Task directions: Exact copy, no pictures: return only the lines below from the line with "Bên dưới, là" up to and including the line with "위와 같이 수정 후 저장한".

Supplied material:
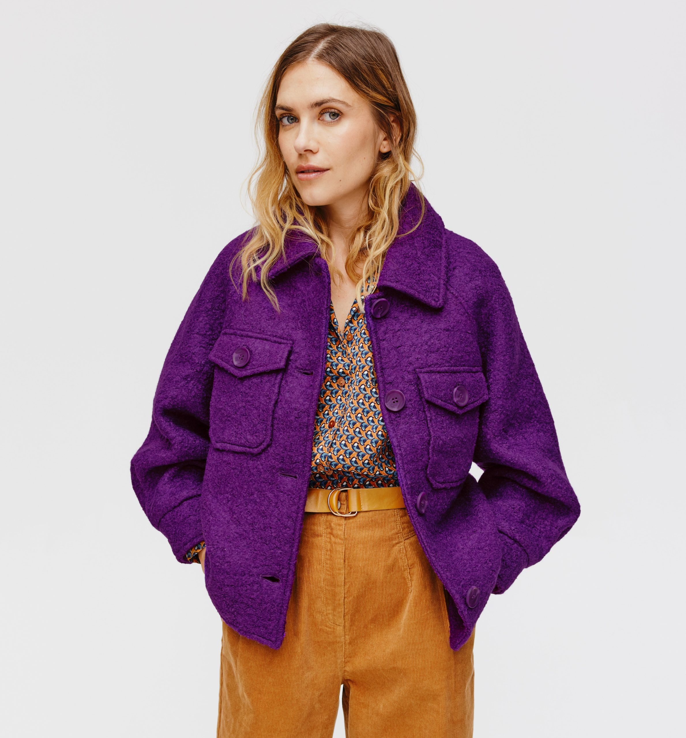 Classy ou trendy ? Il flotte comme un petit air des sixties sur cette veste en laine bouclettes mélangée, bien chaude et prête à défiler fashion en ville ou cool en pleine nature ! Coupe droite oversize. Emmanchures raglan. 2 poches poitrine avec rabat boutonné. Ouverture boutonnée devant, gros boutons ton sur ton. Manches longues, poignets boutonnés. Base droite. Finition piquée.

==

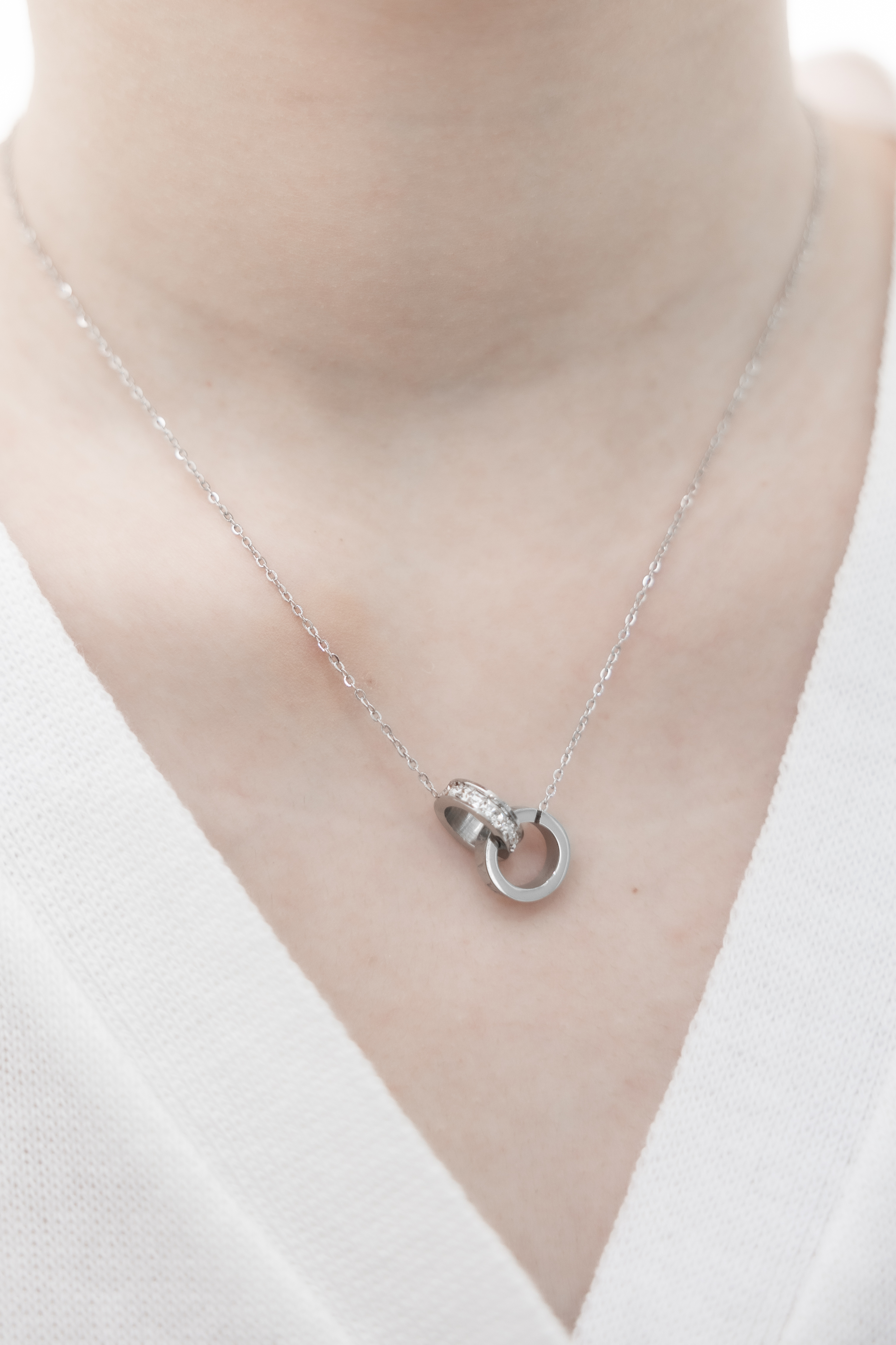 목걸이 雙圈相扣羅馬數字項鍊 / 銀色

--

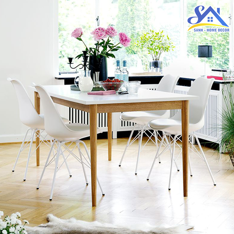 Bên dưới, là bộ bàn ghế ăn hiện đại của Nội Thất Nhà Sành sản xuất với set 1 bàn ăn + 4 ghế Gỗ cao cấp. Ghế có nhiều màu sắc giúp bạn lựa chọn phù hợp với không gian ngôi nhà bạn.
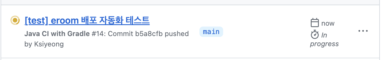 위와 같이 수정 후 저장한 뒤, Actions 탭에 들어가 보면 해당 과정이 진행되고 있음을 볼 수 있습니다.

Your solution:
 Bên dưới, là bộ bàn ghế ăn hiện đại của Nội Thất Nhà Sành sản xuất với set 1 bàn ăn + 4 ghế Gỗ cao cấp. Ghế có nhiều màu sắc giúp bạn lựa chọn phù hợp với không gian ngôi nhà bạn.
 위와 같이 수정 후 저장한 뒤, Actions 탭에 들어가 보면 해당 과정이 진행되고 있음을 볼 수 있습니다.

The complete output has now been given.